◆ Description of the task
Would you return the lines that run from the start of the data below to the line with "Empty Chinese Mahjong", both included, exactly as written and without pictures?

◆ Material for this task
====================

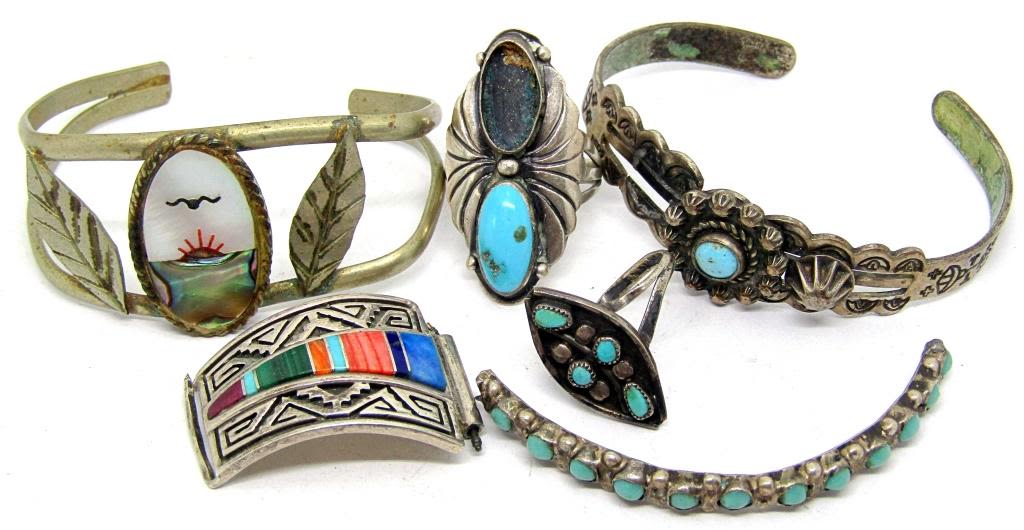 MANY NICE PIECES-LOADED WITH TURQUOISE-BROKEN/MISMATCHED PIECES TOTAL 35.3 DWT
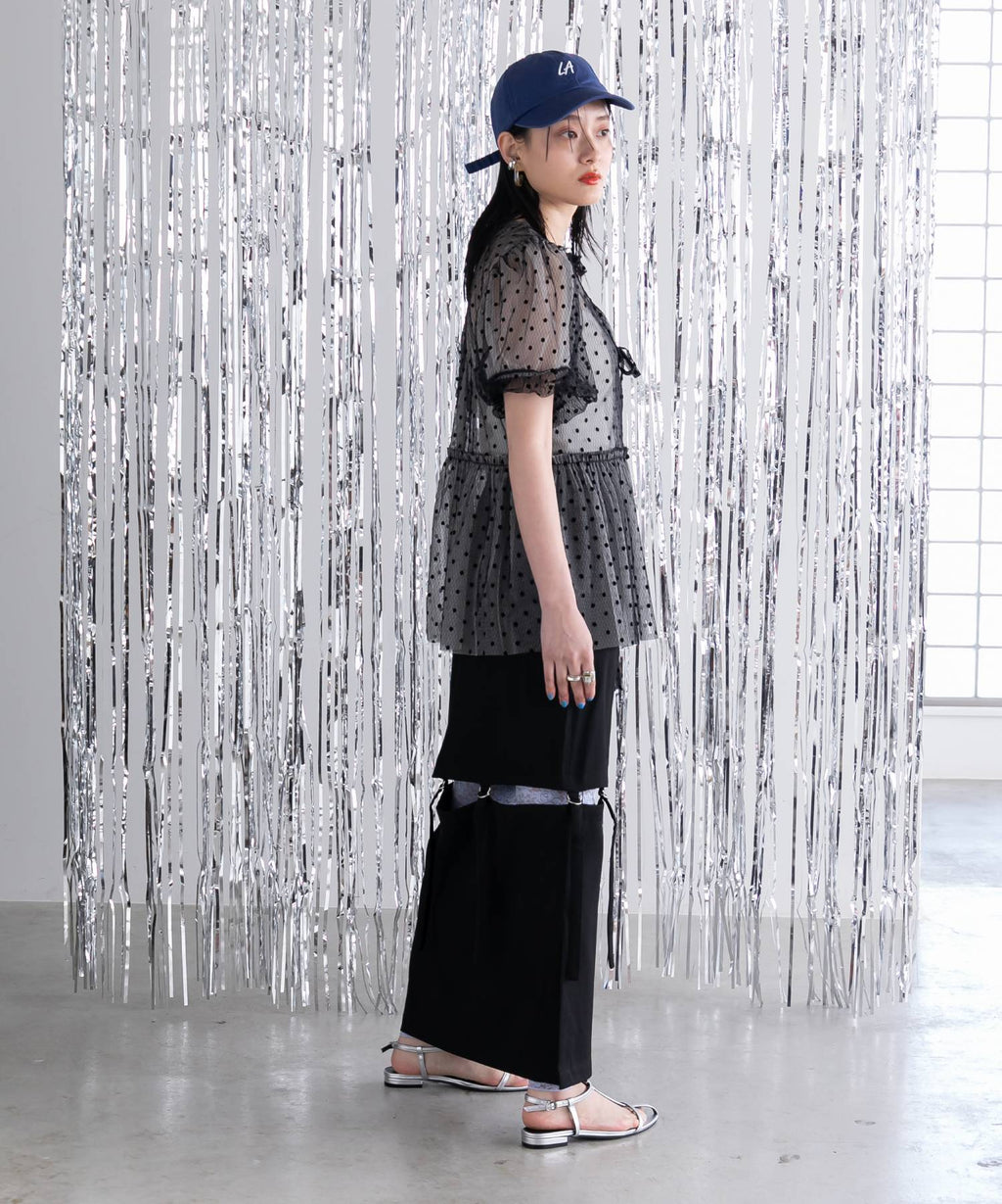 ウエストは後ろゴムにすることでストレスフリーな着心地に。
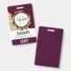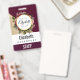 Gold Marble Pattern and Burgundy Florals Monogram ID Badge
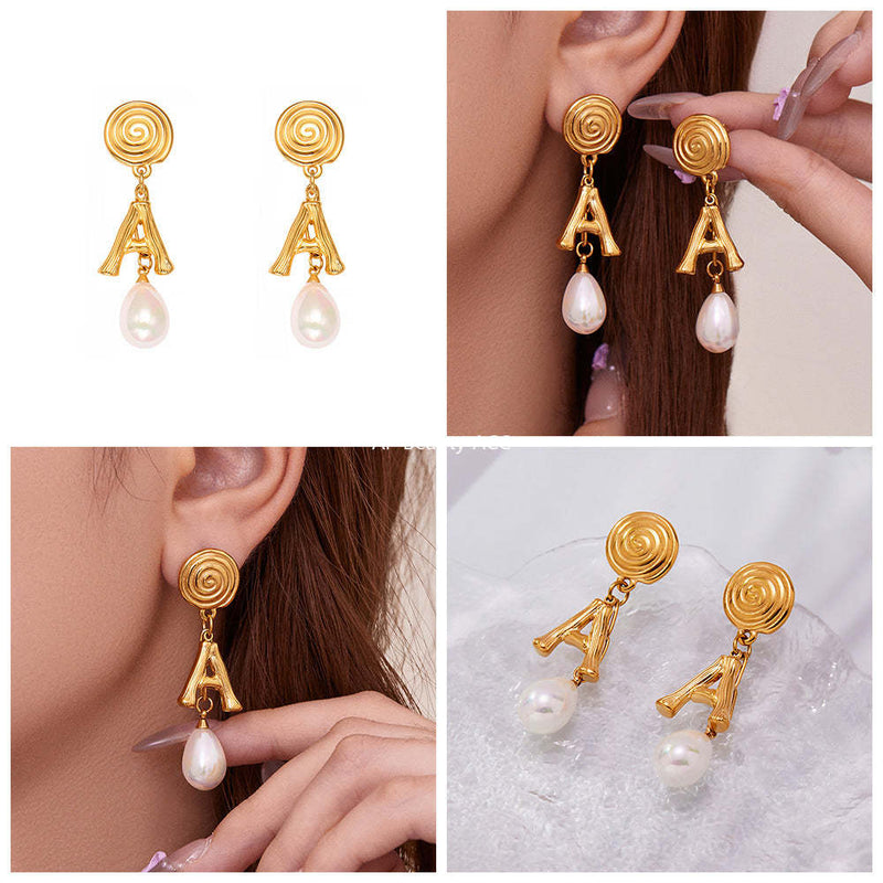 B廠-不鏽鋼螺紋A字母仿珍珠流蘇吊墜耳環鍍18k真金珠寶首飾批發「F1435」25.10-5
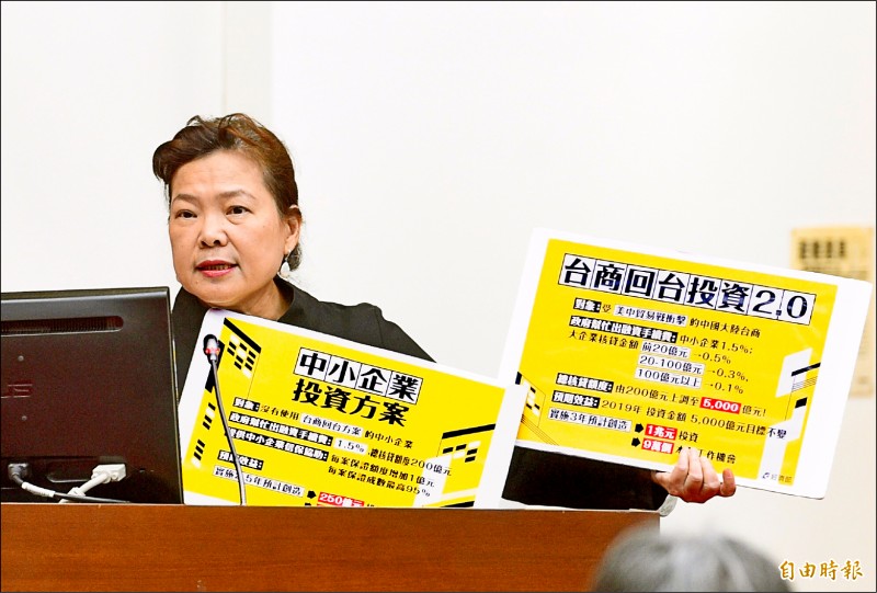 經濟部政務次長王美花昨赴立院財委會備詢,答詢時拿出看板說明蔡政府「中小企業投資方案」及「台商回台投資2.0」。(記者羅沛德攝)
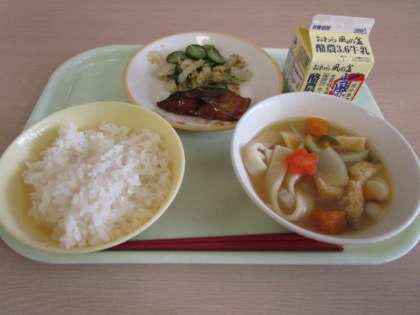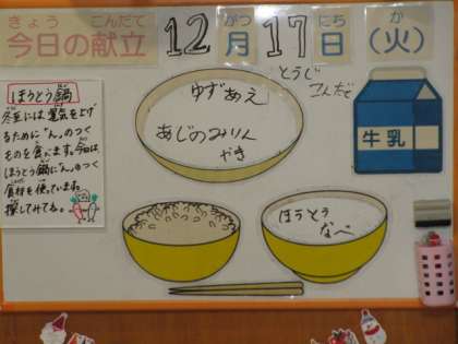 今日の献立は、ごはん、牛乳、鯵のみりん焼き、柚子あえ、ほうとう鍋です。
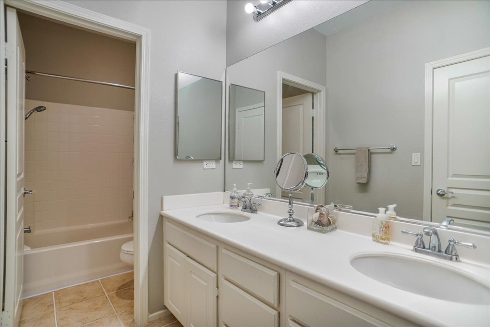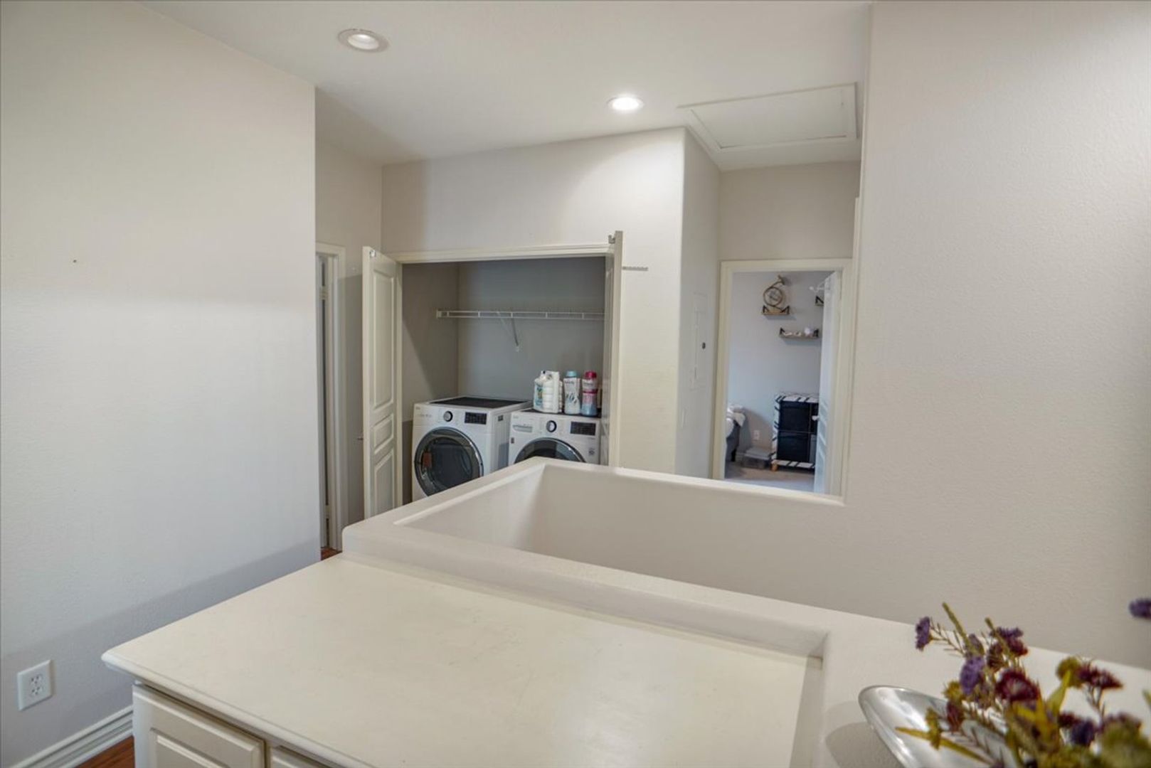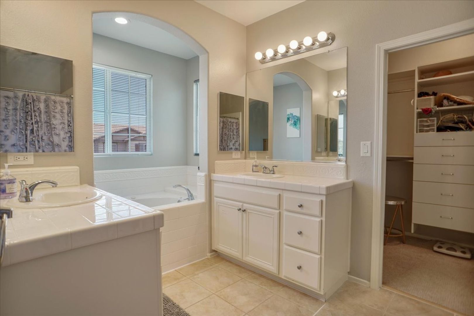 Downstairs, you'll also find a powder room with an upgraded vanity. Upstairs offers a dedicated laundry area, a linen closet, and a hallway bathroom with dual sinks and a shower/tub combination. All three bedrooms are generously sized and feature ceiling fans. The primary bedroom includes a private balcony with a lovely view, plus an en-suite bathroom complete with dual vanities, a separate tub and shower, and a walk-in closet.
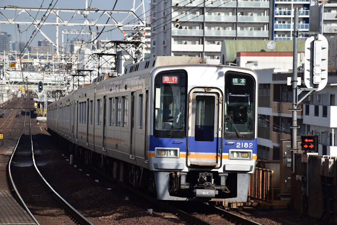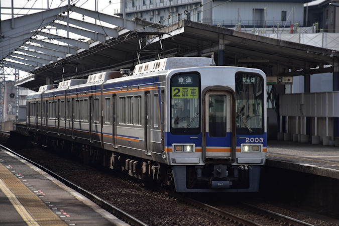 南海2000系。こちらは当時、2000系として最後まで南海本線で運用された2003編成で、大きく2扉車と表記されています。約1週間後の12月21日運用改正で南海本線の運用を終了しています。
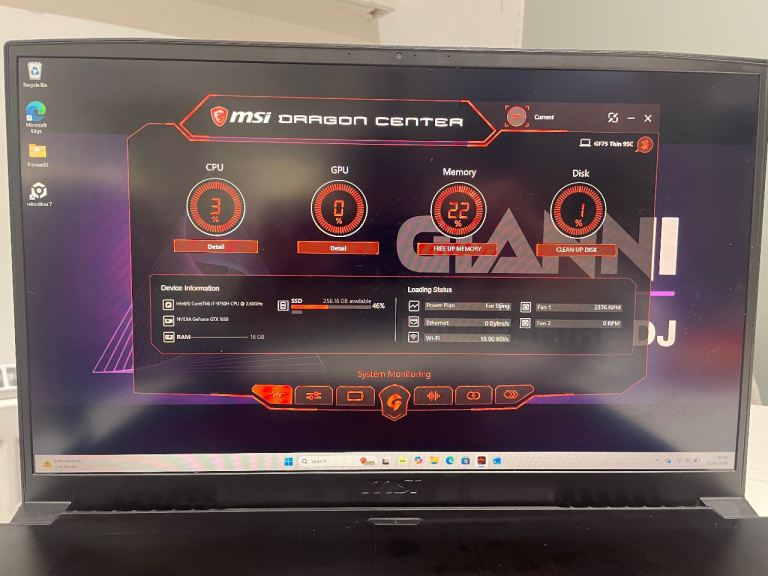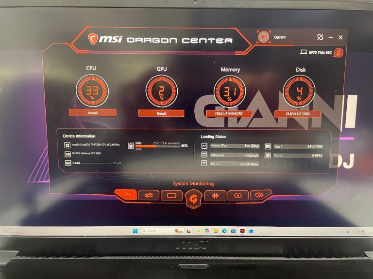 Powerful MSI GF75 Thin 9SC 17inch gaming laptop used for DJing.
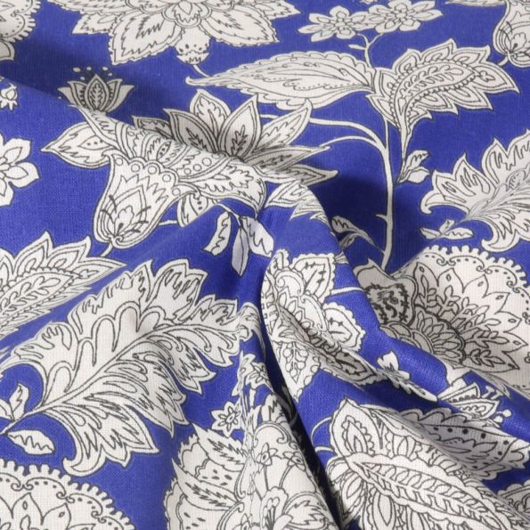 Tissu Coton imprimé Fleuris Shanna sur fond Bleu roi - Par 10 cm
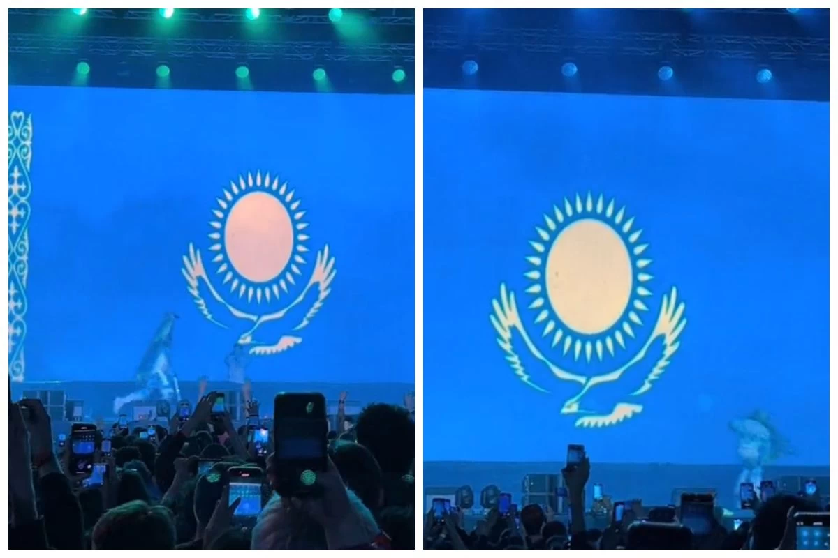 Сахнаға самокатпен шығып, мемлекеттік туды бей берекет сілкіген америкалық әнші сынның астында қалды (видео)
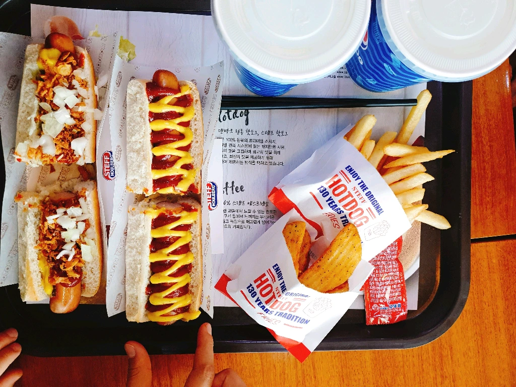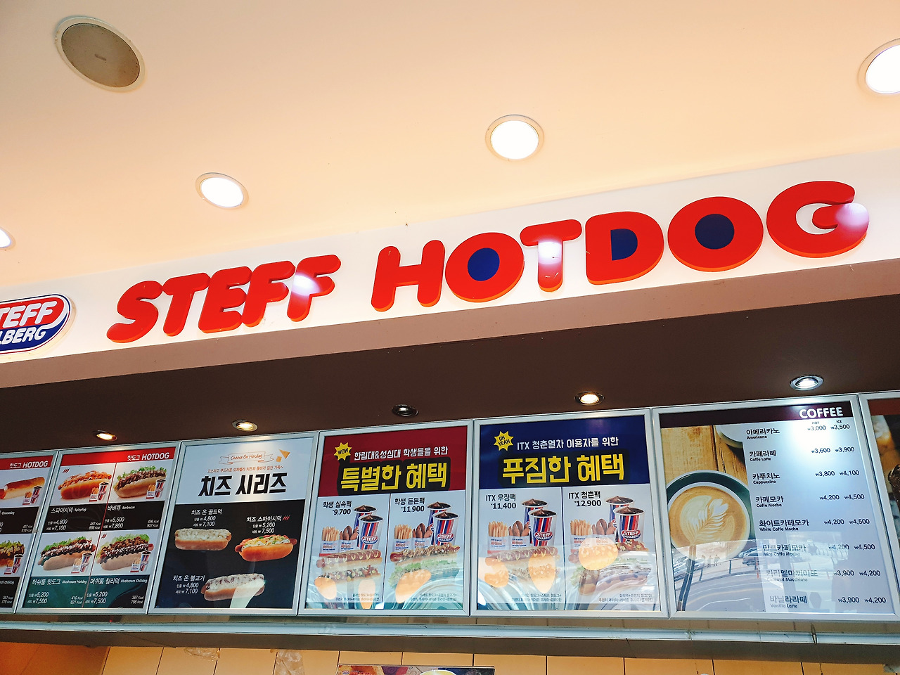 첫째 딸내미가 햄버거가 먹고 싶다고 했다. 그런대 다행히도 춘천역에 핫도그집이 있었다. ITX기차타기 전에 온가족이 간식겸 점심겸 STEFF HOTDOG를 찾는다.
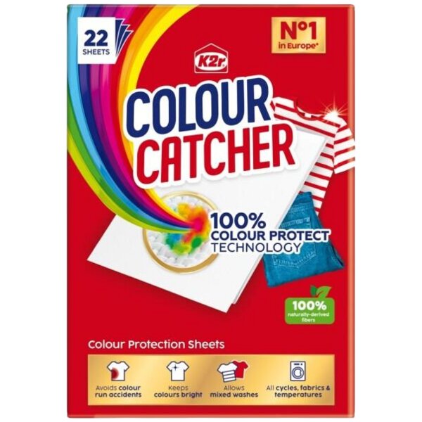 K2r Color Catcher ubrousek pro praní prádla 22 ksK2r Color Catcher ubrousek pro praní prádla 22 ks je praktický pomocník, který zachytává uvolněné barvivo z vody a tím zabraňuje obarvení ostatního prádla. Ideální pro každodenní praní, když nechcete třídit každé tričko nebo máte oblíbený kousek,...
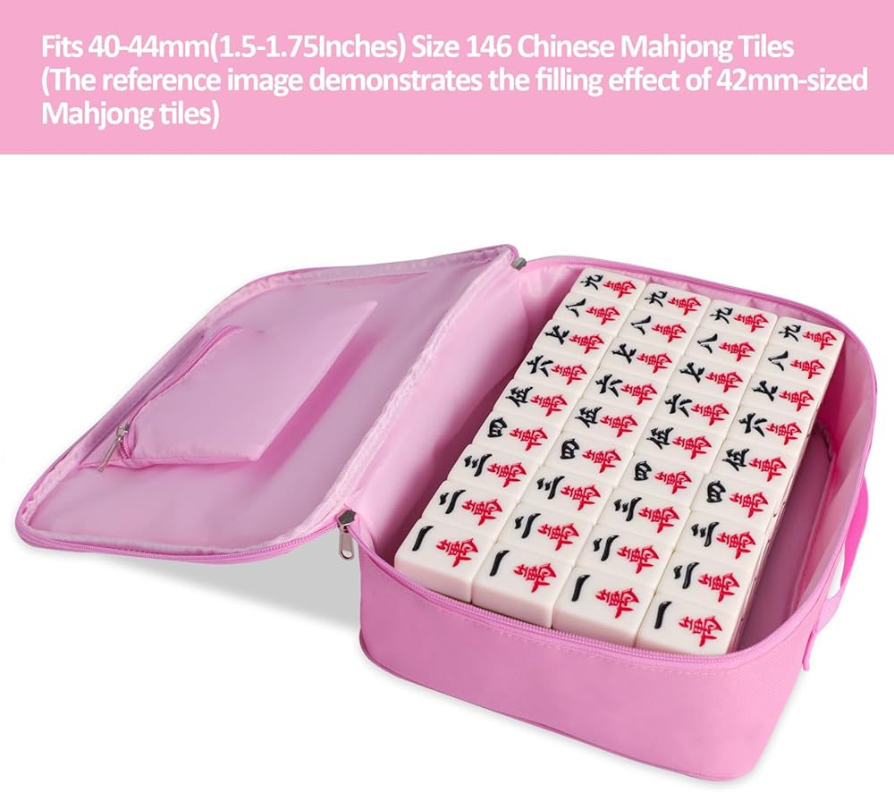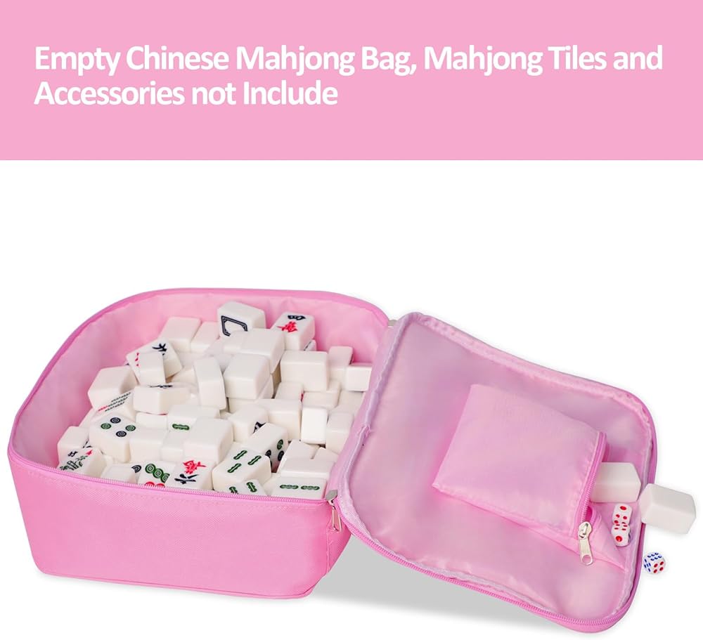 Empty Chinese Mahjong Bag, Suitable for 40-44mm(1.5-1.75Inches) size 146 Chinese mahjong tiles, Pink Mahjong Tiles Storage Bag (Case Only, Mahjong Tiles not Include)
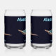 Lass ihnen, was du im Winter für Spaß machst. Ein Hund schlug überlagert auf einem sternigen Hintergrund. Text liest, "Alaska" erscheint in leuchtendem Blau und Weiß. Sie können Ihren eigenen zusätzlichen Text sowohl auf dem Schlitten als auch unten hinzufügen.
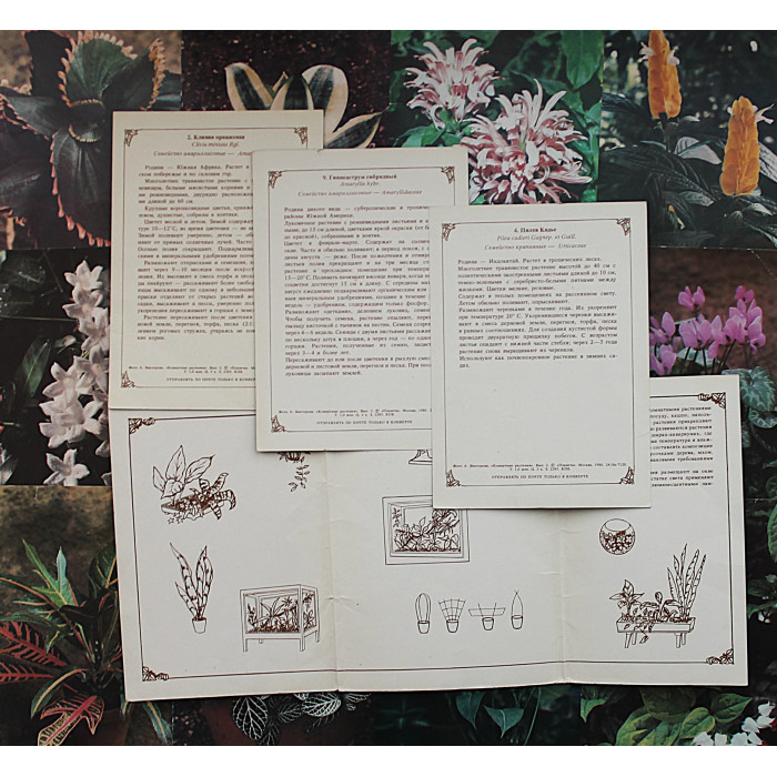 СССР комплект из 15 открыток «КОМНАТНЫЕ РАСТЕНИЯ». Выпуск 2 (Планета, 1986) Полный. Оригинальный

====================

◆ Output of the exercise
 MANY NICE PIECES-LOADED WITH TURQUOISE-BROKEN/MISMATCHED PIECES TOTAL 35.3 DWT
 ウエストは後ろゴムにすることでストレスフリーな着心地に。
 Gold Marble Pattern and Burgundy Florals Monogram ID Badge
 B廠-不鏽鋼螺紋A字母仿珍珠流蘇吊墜耳環鍍18k真金珠寶首飾批發「F1435」25.10-5
 經濟部政務次長王美花昨赴立院財委會備詢,答詢時拿出看板說明蔡政府「中小企業投資方案」及「台商回台投資2.0」。(記者羅沛德攝)
 今日の献立は、ごはん、牛乳、鯵のみりん焼き、柚子あえ、ほうとう鍋です。
 Downstairs, you'll also find a powder room with an upgraded vanity. Upstairs offers a dedicated laundry area, a linen closet, and a hallway bathroom with dual sinks and a shower/tub combination. All three bedrooms are generously sized and feature ceiling fans. The primary bedroom includes a private balcony with a lovely view, plus an en-suite bathroom complete with dual vanities, a separate tub and shower, and a walk-in closet.
 南海2000系。こちらは当時、2000系として最後まで南海本線で運用された2003編成で、大きく2扉車と表記されています。約1週間後の12月21日運用改正で南海本線の運用を終了しています。
 Powerful MSI GF75 Thin 9SC 17inch gaming laptop used for DJing.
 Tissu Coton imprimé Fleuris Shanna sur fond Bleu roi - Par 10 cm
 Сахнаға самокатпен шығып, мемлекеттік туды бей берекет сілкіген америкалық әнші сынның астында қалды (видео)
 첫째 딸내미가 햄버거가 먹고 싶다고 했다. 그런대 다행히도 춘천역에 핫도그집이 있었다. ITX기차타기 전에 온가족이 간식겸 점심겸 STEFF HOTDOG를 찾는다.
 K2r Color Catcher ubrousek pro praní prádla 22 ksK2r Color Catcher ubrousek pro praní prádla 22 ks je praktický pomocník, který zachytává uvolněné barvivo z vody a tím zabraňuje obarvení ostatního prádla. Ideální pro každodenní praní, když nechcete třídit každé tričko nebo máte oblíbený kousek,...
 Empty Chinese Mahjong Bag, Suitable for 40-44mm(1.5-1.75Inches) size 146 Chinese mahjong tiles, Pink Mahjong Tiles Storage Bag (Case Only, Mahjong Tiles not Include)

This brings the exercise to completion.